Pulp Fiction
★★★½

Rewatched 20 Aug 2019

Hitmen. Heroin. Rapists. Cheeseburgers. Foot massages. Crime bosses. Leather freaks. Pop-tarts. A boxer. A suitcase. A gold watch. A chopper. Restaurants. Robbers. Gangsters. Pot bellies. The Bible. The soundtrack. The vengeance. The violence. The spectacle. The redemption. 

Just what in the hell is going on here? Don't answer. Just go along with Tarantino pointing that shotgun in your face, because to explain the plot would be to miss the point. The point, however directionless and dragging, is to be swept up in its sprawling, pop-culture-filled mythology, which at its heart is really a bold and colorful exercise in cinematic style.

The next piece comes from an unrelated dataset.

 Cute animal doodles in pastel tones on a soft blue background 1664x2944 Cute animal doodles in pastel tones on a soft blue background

The style is very much the substance, and if you huff that substance long enough, you turn into the ultimate film bro ready to read the Bible cover to cover, striking down your enemies with great vengeance and furious anger. 

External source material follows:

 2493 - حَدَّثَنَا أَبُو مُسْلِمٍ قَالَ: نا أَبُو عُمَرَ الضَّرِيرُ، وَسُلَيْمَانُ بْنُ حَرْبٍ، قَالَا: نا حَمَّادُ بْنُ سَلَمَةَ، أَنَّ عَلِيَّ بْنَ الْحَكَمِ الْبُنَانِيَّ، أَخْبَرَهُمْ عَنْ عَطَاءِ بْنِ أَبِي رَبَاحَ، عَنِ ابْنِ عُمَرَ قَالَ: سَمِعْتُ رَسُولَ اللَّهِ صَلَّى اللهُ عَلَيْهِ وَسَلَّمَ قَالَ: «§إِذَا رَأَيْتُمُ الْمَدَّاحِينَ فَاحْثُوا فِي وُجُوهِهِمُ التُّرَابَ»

PULP FICTION, a reference to all those old, cheap, throwaway glossies, is the kind of disposable entertainment that dares you to step out from being a square and enter a world that's sizzling, puzzling, exhilarating and downright dopey. 

Tarantino doesn't care so much for plot mechanics. It’s a film about texture, not plot, palette, not template. He'd rather get us high on *the way* a story can be told, the way a story becomes folklore by stretching conceits as far as they go, rather than spin anything predictable or easy. He essentially made a live-action cartoon, a carnival hall of mirrors, something that goofily goes on forever without going anywhere particular. It’s not that QT invented nonlinear storytelling, suitcase MacGuffins, or multiple shifting points of view (these techniques long predate the guy). It’s that he re-popularized them for a new audience unfamiliar with these narrative modes, while giving older audiences a trip down pastiche lane by rewarding them with a cornucopia of cinematic references. Think of it like a journey over destination kinda thing, where the reason it’s so highly regarded is because the journey is so irresistibly weird, inventive and ruthlessly original.

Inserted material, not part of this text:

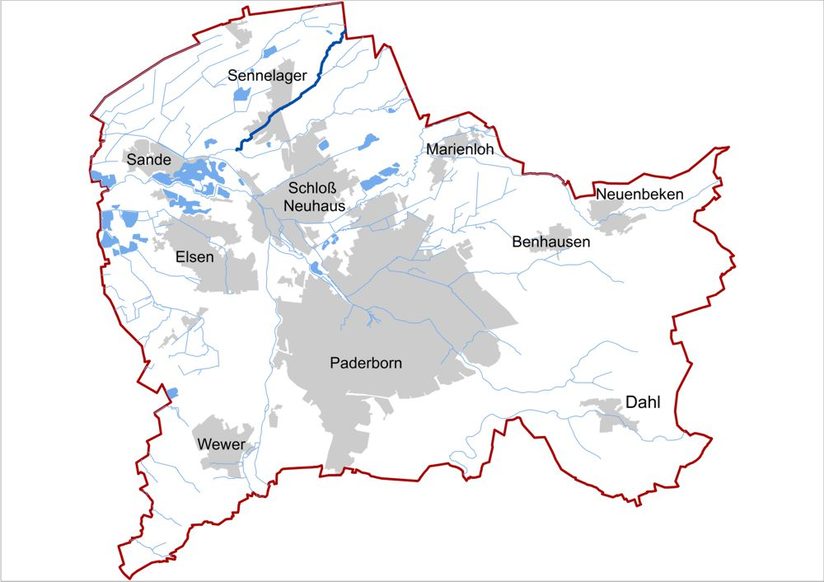 Der Unterlauf ist dagegen stark durch nah heranrückende Wohnsiedlungs- und Straßenflächen Sennelagers geprägt. Unterhalb der Ortslage sind in Waldbereichen wiederum sehr naturnahe und hochdynamische Strukturen mit Steilufern, Totholz und Sandbänken ausgeprägt.

Cinephiles love it because it summons the ghosts of old movies and makes a perfect collage out of genre history, and to that Frankensteinian effect it's quite an impressive mosaic of pop and garbage culture all thrown into one. I fiercely wrestle with how brilliant and idiotic this film is. It's exciting and exhausting, thrilling and stupefying. A dazzling pastiche that merges high-brow and low-brow culture together, and while I'm nowhere near as religious about it as many of you, I do appreciate the guts it took to make it. 

It's a classic, a bravado game-changer, a film for dorks, and one that I'm sure I'll keep changing my mind about with each watch.